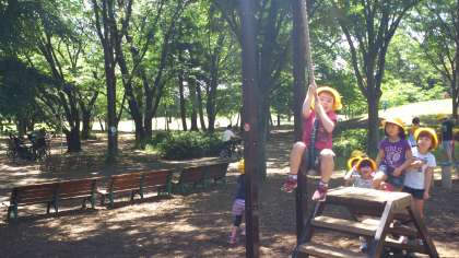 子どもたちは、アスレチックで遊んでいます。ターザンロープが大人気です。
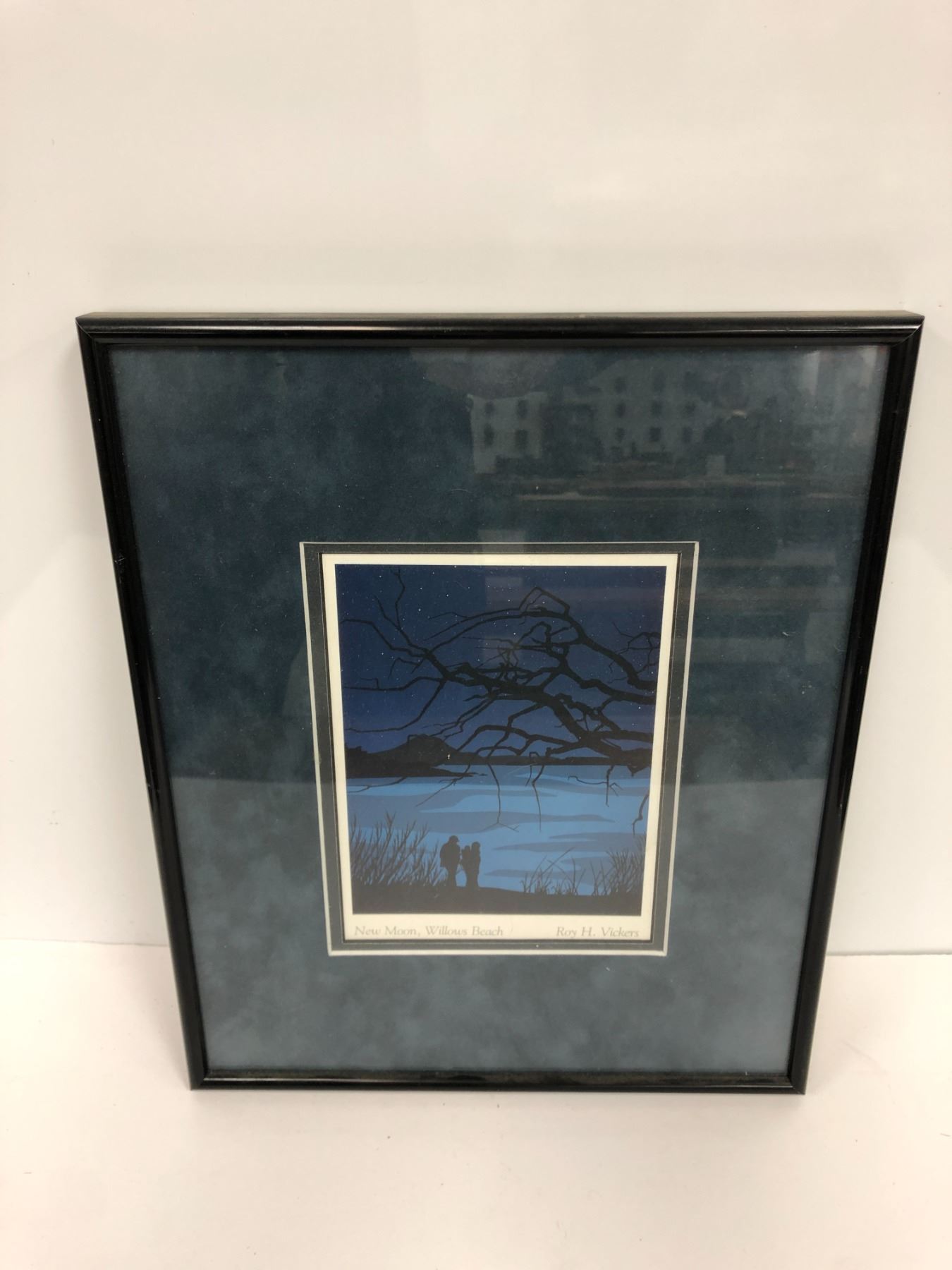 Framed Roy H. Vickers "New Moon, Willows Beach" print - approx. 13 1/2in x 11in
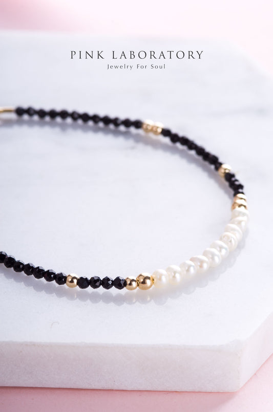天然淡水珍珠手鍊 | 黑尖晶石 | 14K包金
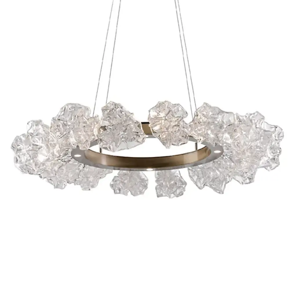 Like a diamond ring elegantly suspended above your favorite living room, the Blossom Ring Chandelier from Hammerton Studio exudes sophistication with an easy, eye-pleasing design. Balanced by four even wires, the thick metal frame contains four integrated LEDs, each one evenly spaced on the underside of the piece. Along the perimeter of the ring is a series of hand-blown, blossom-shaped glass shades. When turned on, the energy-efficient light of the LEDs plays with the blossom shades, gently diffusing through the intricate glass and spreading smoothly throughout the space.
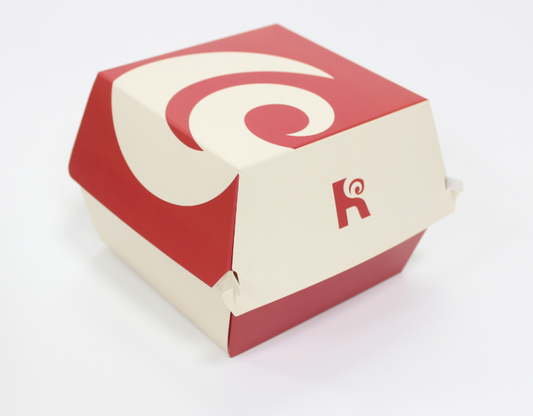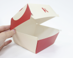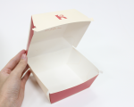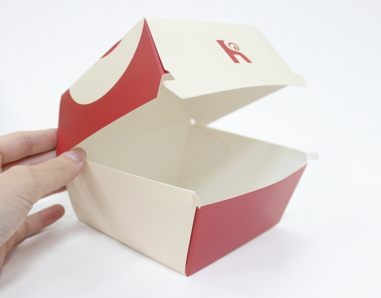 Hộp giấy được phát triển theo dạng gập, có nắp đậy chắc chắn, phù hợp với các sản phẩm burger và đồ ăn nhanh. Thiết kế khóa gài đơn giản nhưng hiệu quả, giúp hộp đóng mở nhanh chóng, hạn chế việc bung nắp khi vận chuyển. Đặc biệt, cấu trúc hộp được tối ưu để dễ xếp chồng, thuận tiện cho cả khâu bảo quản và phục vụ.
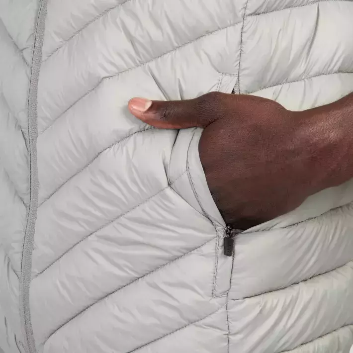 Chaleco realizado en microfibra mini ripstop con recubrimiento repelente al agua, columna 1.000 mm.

* * *

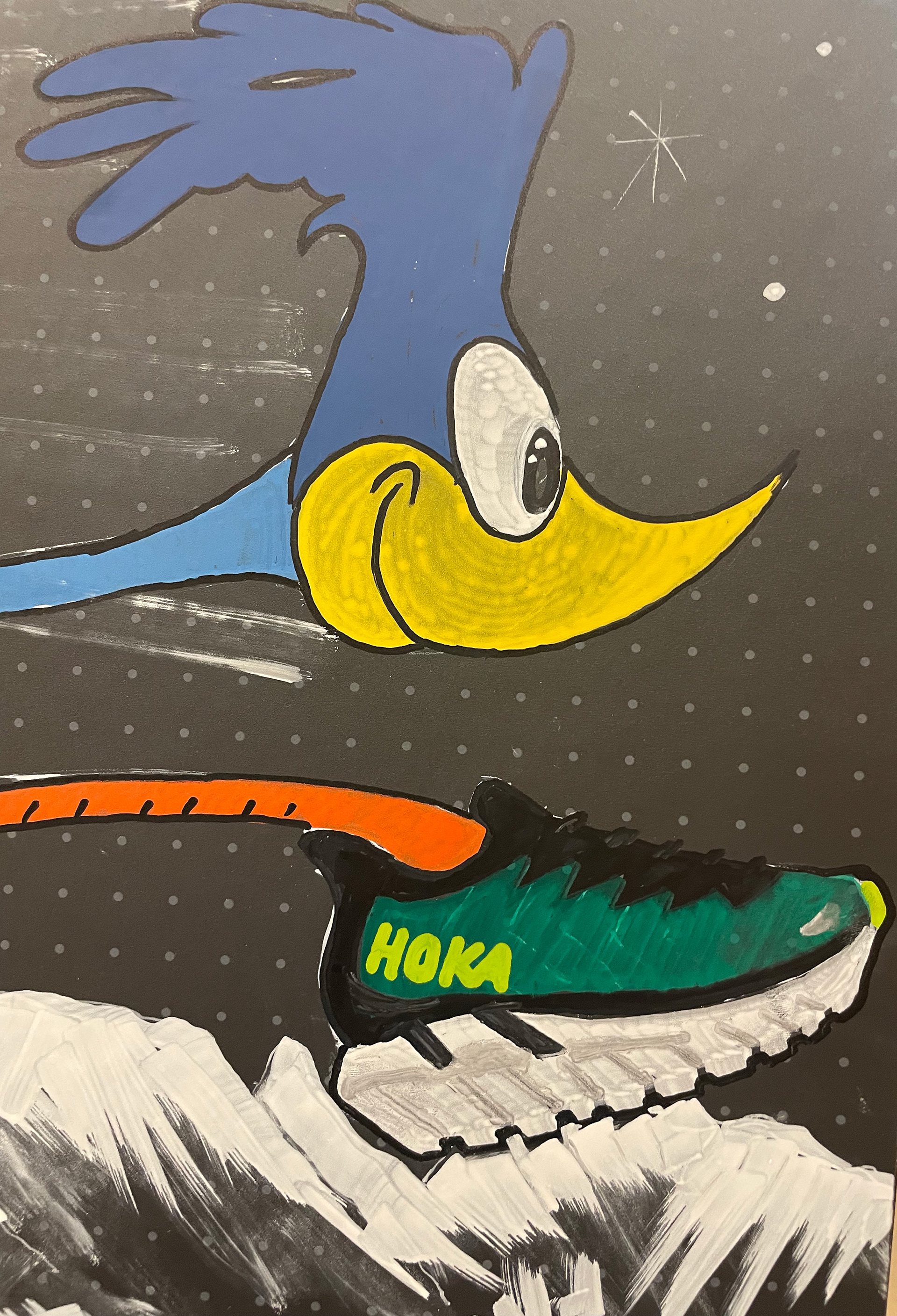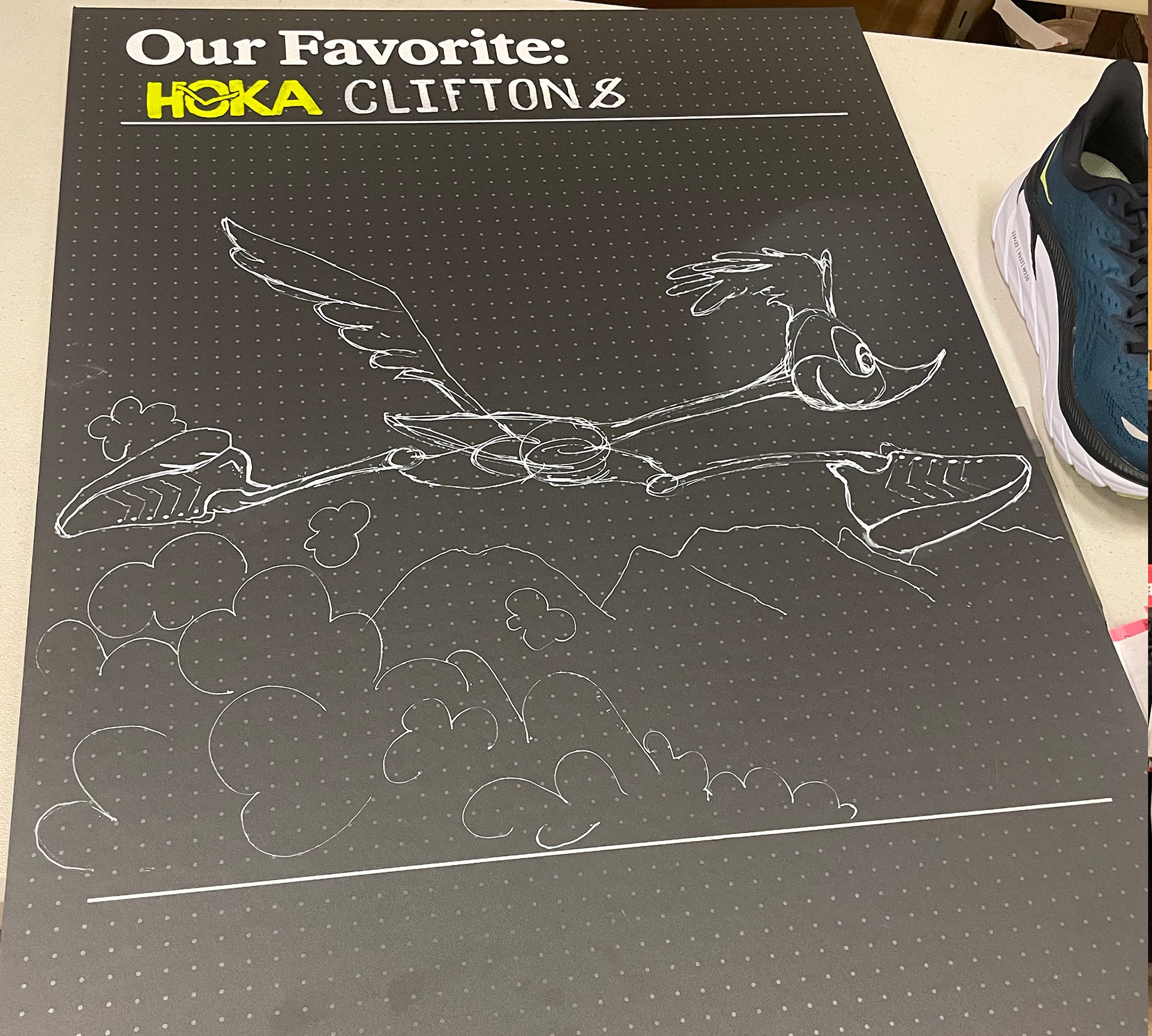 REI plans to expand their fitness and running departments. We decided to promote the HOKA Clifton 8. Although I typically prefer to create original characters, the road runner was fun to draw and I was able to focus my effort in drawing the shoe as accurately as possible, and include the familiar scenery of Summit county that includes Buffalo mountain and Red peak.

...

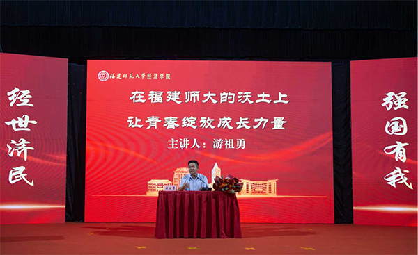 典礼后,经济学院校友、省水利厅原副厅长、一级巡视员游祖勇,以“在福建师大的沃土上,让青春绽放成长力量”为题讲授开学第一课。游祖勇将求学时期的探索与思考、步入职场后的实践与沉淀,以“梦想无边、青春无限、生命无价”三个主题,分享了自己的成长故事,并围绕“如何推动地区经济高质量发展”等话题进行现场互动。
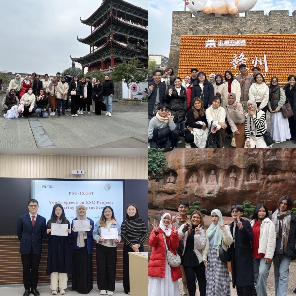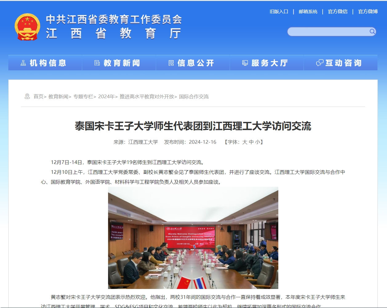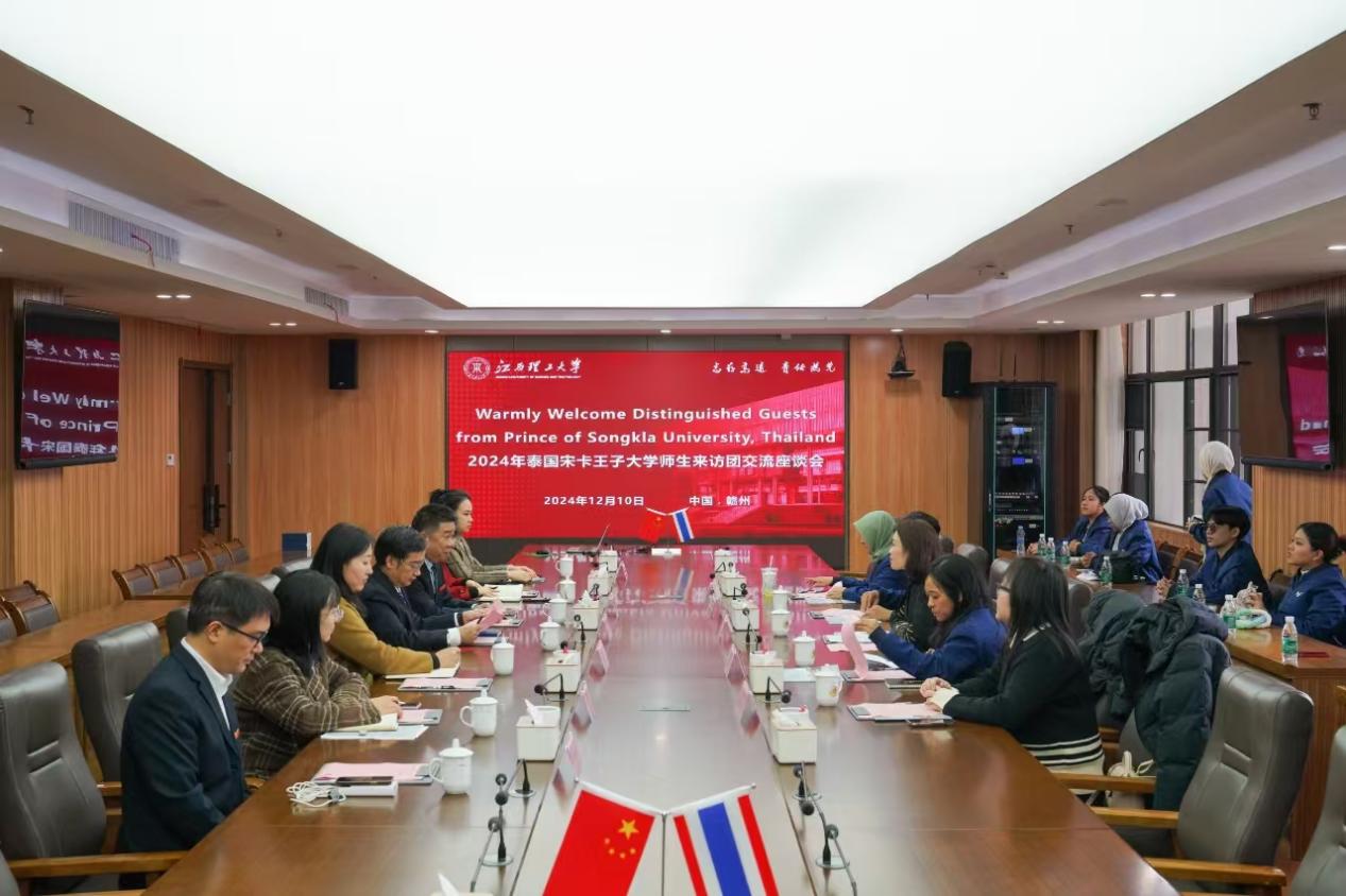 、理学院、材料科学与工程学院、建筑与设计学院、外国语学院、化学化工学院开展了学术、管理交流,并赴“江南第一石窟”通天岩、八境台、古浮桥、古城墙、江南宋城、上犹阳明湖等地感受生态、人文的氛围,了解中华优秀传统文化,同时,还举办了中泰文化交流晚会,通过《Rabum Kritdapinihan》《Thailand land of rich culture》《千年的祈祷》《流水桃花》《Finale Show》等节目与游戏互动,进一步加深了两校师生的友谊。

## WORK ORDER
Take the entries above and copy exactly the lines starting at the one with "子どもたちは、アスレチックで遊んでいます。ターザンロープが大人気です。" and ending at the one with "Chaleco realizado en"; nothing outside that span, and no pictures.

## RESPONSE TO THE TASK
 子どもたちは、アスレチックで遊んでいます。ターザンロープが大人気です。
 Framed Roy H. Vickers "New Moon, Willows Beach" print - approx. 13 1/2in x 11in
天然淡水珍珠手鍊 | 黑尖晶石 | 14K包金
 Like a diamond ring elegantly suspended above your favorite living room, the Blossom Ring Chandelier from Hammerton Studio exudes sophistication with an easy, eye-pleasing design. Balanced by four even wires, the thick metal frame contains four integrated LEDs, each one evenly spaced on the underside of the piece. Along the perimeter of the ring is a series of hand-blown, blossom-shaped glass shades. When turned on, the energy-efficient light of the LEDs plays with the blossom shades, gently diffusing through the intricate glass and spreading smoothly throughout the space.
 Hộp giấy được phát triển theo dạng gập, có nắp đậy chắc chắn, phù hợp với các sản phẩm burger và đồ ăn nhanh. Thiết kế khóa gài đơn giản nhưng hiệu quả, giúp hộp đóng mở nhanh chóng, hạn chế việc bung nắp khi vận chuyển. Đặc biệt, cấu trúc hộp được tối ưu để dễ xếp chồng, thuận tiện cho cả khâu bảo quản và phục vụ.
 Chaleco realizado en microfibra mini ripstop con recubrimiento repelente al agua, columna 1.000 mm.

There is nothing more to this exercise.